What needs reproducing is the run of lines in the data below starting at the line with "Cuban Baguette Diamond Ring 10K Two Tone" and ending at the line with "Депутат Алтайского Заксобрания", both ends included. Copy it exactly, without pictures, and add nothing.

▸ **Extracted information**:
#####

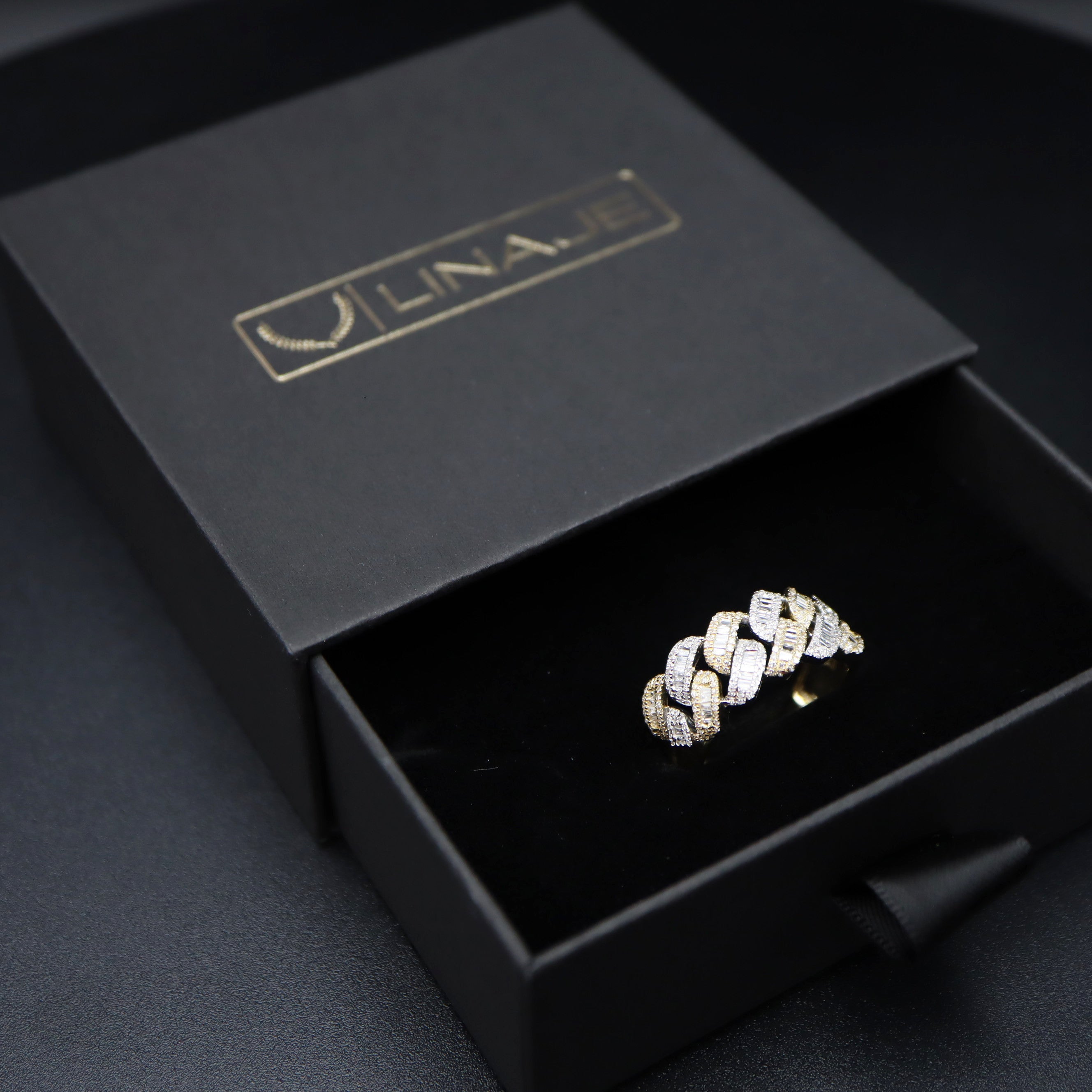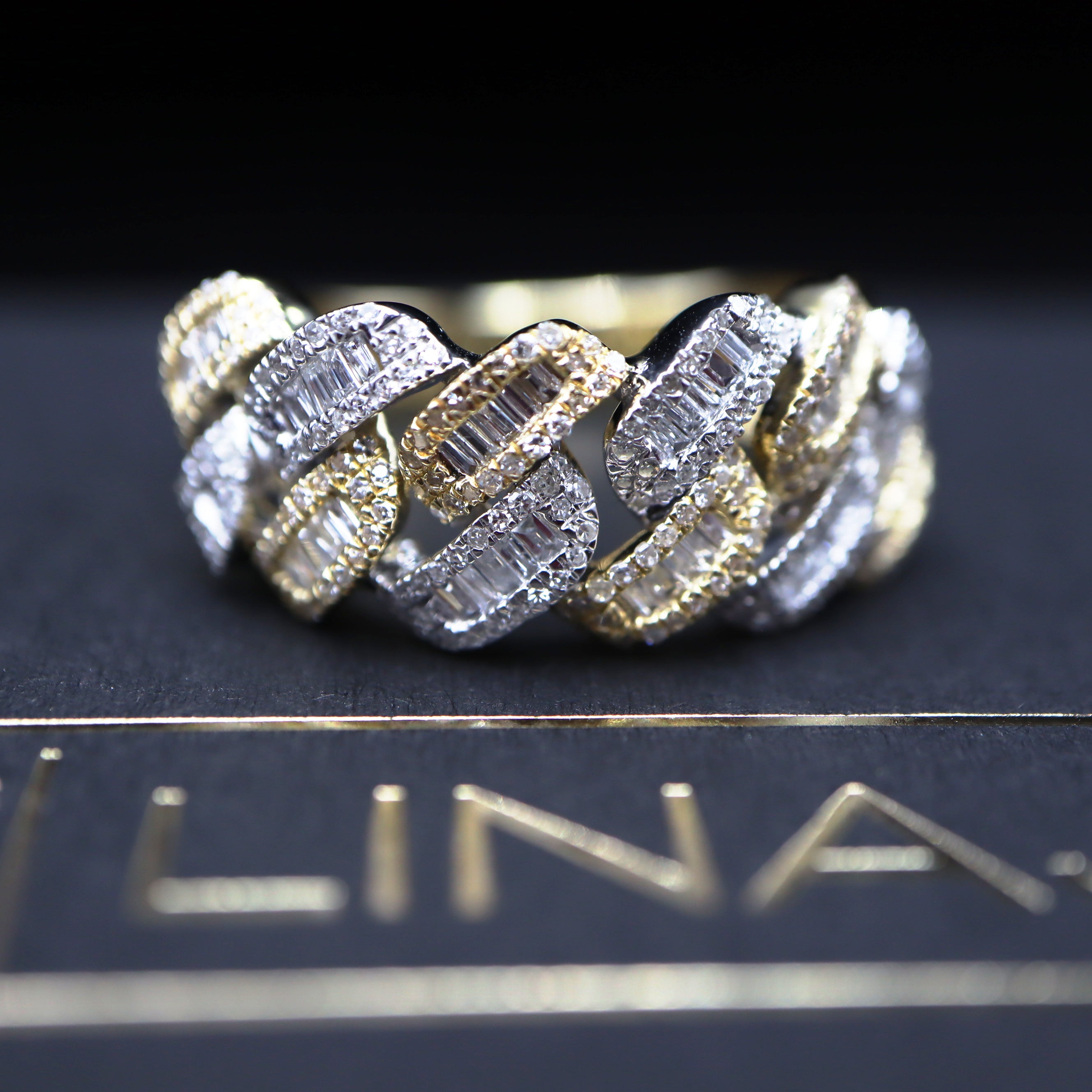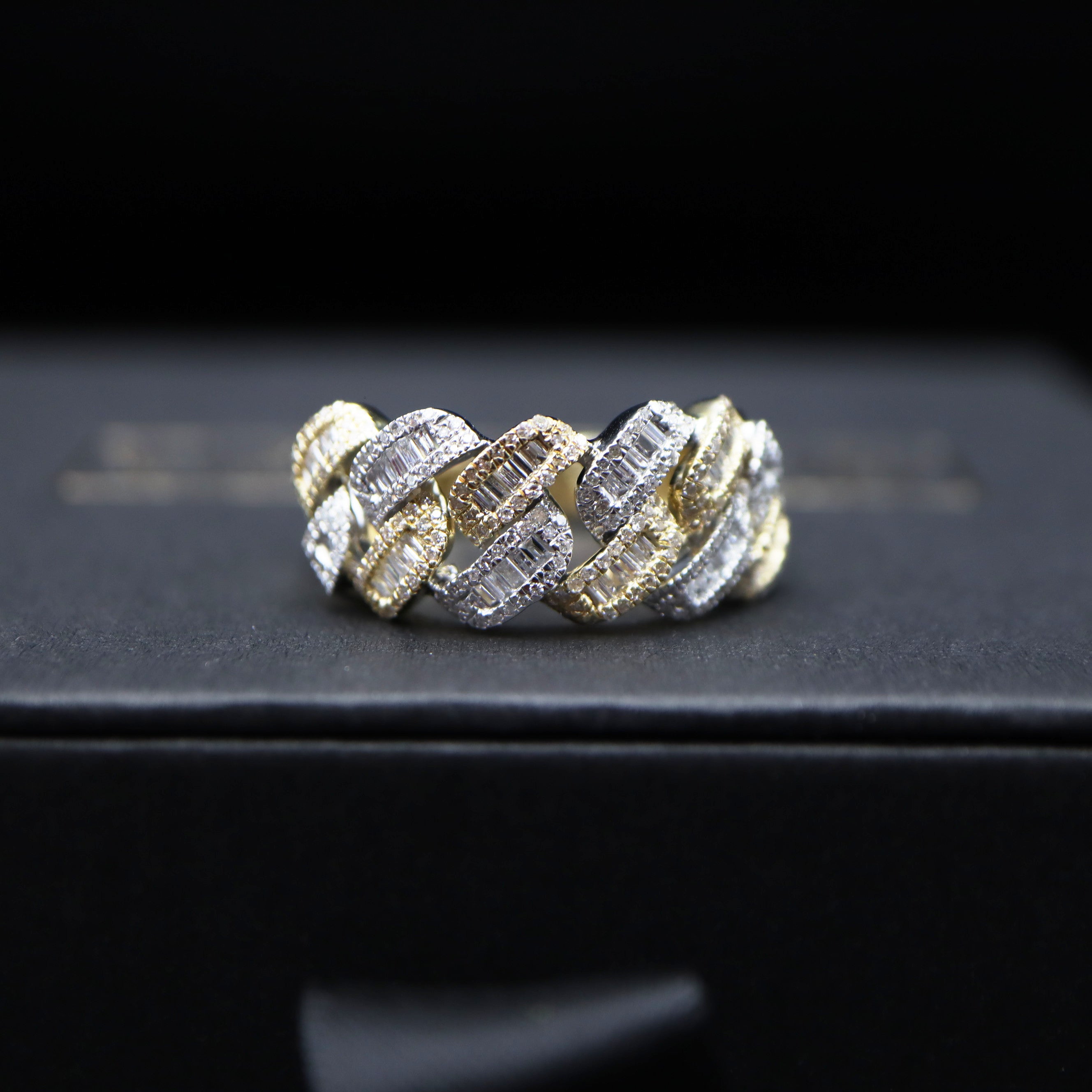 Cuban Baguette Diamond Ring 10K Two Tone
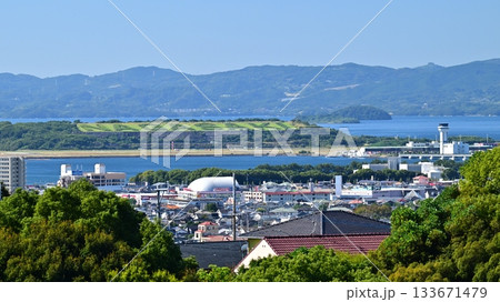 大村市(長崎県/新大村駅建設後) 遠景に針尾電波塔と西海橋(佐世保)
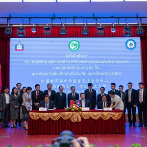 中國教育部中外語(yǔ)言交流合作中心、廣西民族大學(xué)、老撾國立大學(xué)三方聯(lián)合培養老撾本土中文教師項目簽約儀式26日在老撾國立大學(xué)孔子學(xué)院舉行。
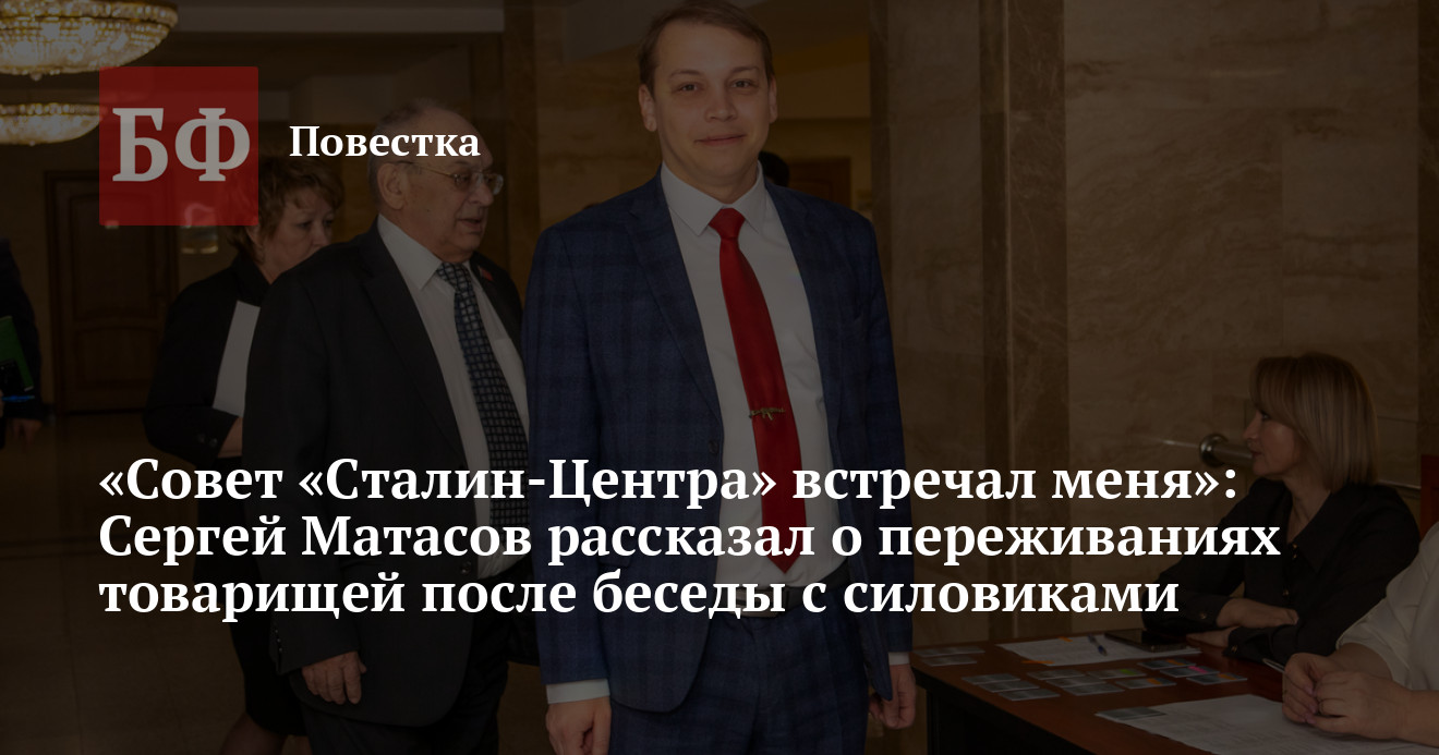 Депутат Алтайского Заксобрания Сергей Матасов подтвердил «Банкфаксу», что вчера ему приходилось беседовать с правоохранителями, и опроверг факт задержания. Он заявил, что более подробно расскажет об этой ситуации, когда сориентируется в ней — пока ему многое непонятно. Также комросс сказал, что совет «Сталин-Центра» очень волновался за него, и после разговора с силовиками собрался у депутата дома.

#####

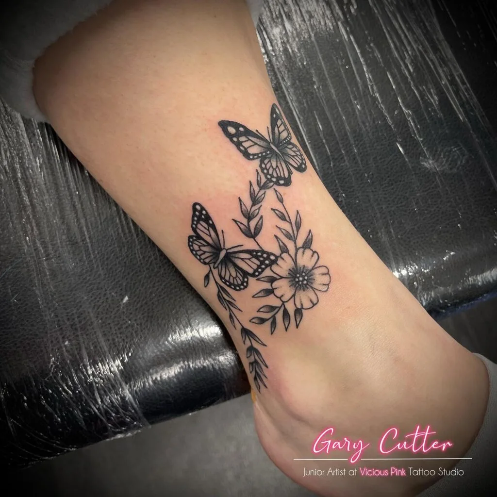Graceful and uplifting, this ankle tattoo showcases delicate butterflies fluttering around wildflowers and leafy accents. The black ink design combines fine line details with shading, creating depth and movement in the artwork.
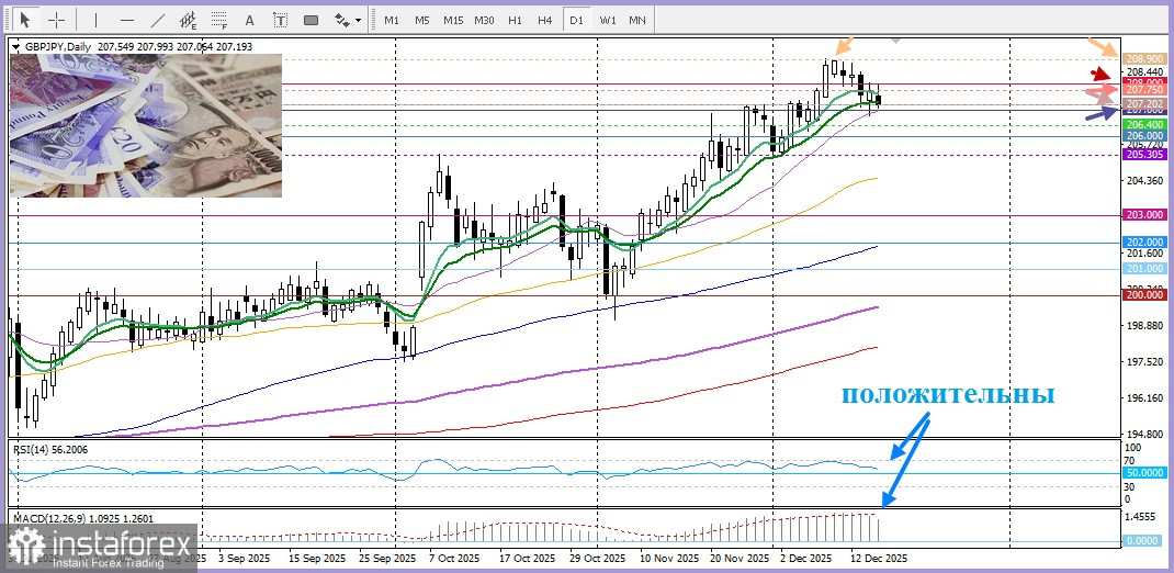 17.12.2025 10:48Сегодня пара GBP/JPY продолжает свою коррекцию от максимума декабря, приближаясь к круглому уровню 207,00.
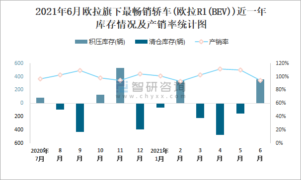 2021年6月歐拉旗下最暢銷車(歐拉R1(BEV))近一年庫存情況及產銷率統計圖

#####

▸ **Answer to the exercise**:
 Cuban Baguette Diamond Ring 10K Two Tone
 大村市(長崎県/新大村駅建設後) 遠景に針尾電波塔と西海橋(佐世保)
 中國教育部中外語(yǔ)言交流合作中心、廣西民族大學(xué)、老撾國立大學(xué)三方聯(lián)合培養老撾本土中文教師項目簽約儀式26日在老撾國立大學(xué)孔子學(xué)院舉行。
 Депутат Алтайского Заксобрания Сергей Матасов подтвердил «Банкфаксу», что вчера ему приходилось беседовать с правоохранителями, и опроверг факт задержания. Он заявил, что более подробно расскажет об этой ситуации, когда сориентируется в ней — пока ему многое непонятно. Также комросс сказал, что совет «Сталин-Центра» очень волновался за него, и после разговора с силовиками собрался у депутата дома.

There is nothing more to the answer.